* _WORK TASK_
Take the lines below from the one with "Panna (40 km)" through the one with "Plus Size Christmas" and print only them, exactly. Don't print the pictures.

* _RECORD EXTRACTS_
--------------------------------------------------
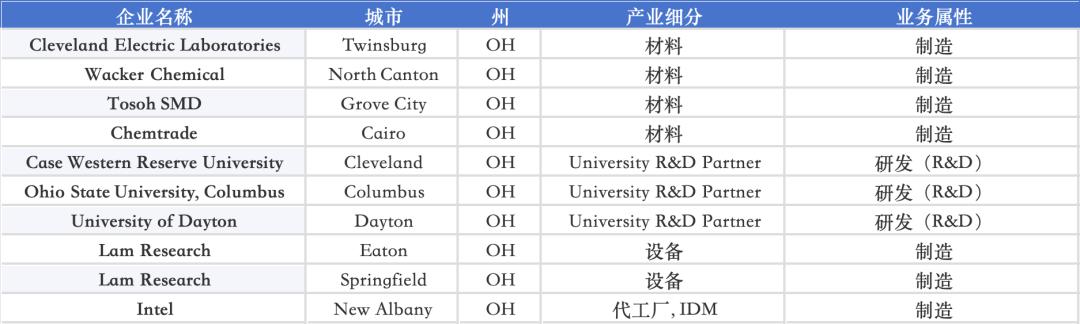 Ohio 以 Intel New Albany 的先进制程与封装项目、Lam Research 的设备制造,以及 Ohio State University 的工艺与器件研究为核心,是美国中部少数兼具“晶圆制造 + 设备 + 大学科研”的区域之一;
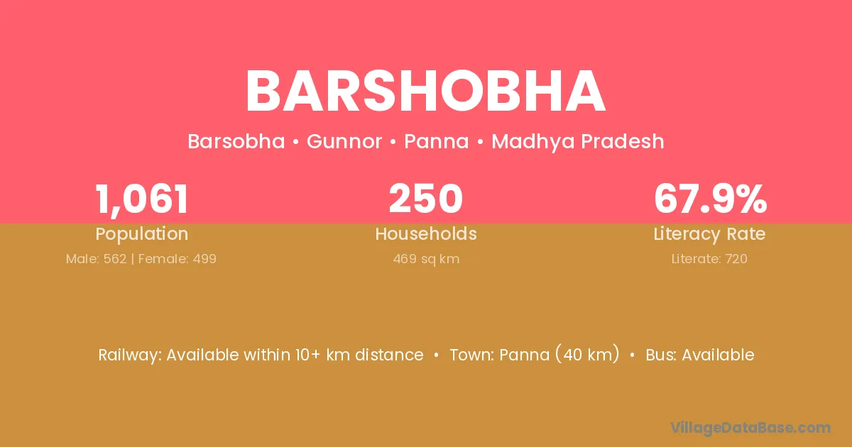 Panna (40 km) is the nearest town to Barshobha village for major economic activities and is located approximately 40 km away.
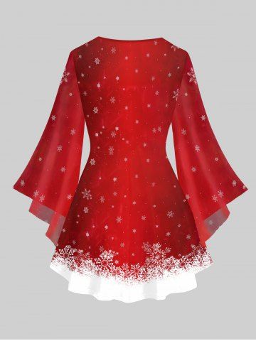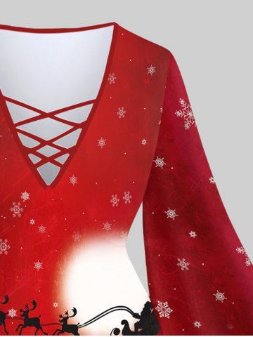 Plus Size Christmas Tree Santa Claus Elk Snowflake Moon Printed Flare Sleeve Lattice T-shirt - Deep Red - 5x
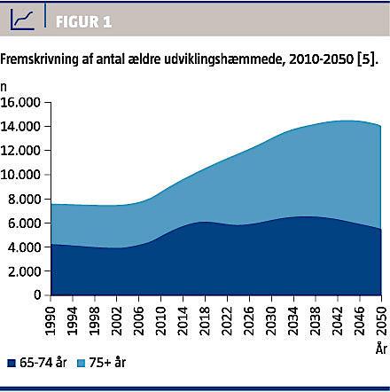 Det eksakte antal udviklingshæmmede personer i Danmark kendes ikke, men det estimeres til at være 80.000-110.000 [3]. Andelen af ældre i denne gruppe skønnes at være mindst halvdelen, og denne andel forventes at ekspandere i de kommende år som følge af stigende levealder [4] (Figur 1). Prævalens af demens blandt personer med udviklingshæmning uden DS er påvist at være sammenlignelig med prævalensen af demens i baggrundsbefolkningen (personer uden udviklingshæmning) [6].
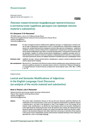 В статье исследуется влияние особенностей судебного дискурса на модификацию значения лексем. В ходе интерпретации юридического текста за прилагательным закрепляется незафиксированное или малораспространенное словарное значение. Цель данного исследования - выявление наиболее частотных лексико-семантических модификаций в юридическом дискурсе. Анализируя тексты решений Верховного суда США и используя дискурсивный и компонентный анализы, авторы приходят к выводу, что лексико-семантические модификации в судебном дискурсе часто становятся результатом сужения значения в процессе интерпретационной практики, а также результатом функциональной замены при выборе эквивалента языковой единицы в переводящем языке.
--------------------------------------------------
* _RESPONSE AREA_
 Panna (40 km) is the nearest town to Barshobha village for major economic activities and is located approximately 40 km away.
 Plus Size Christmas Tree Santa Claus Elk Snowflake Moon Printed Flare Sleeve Lattice T-shirt - Deep Red - 5x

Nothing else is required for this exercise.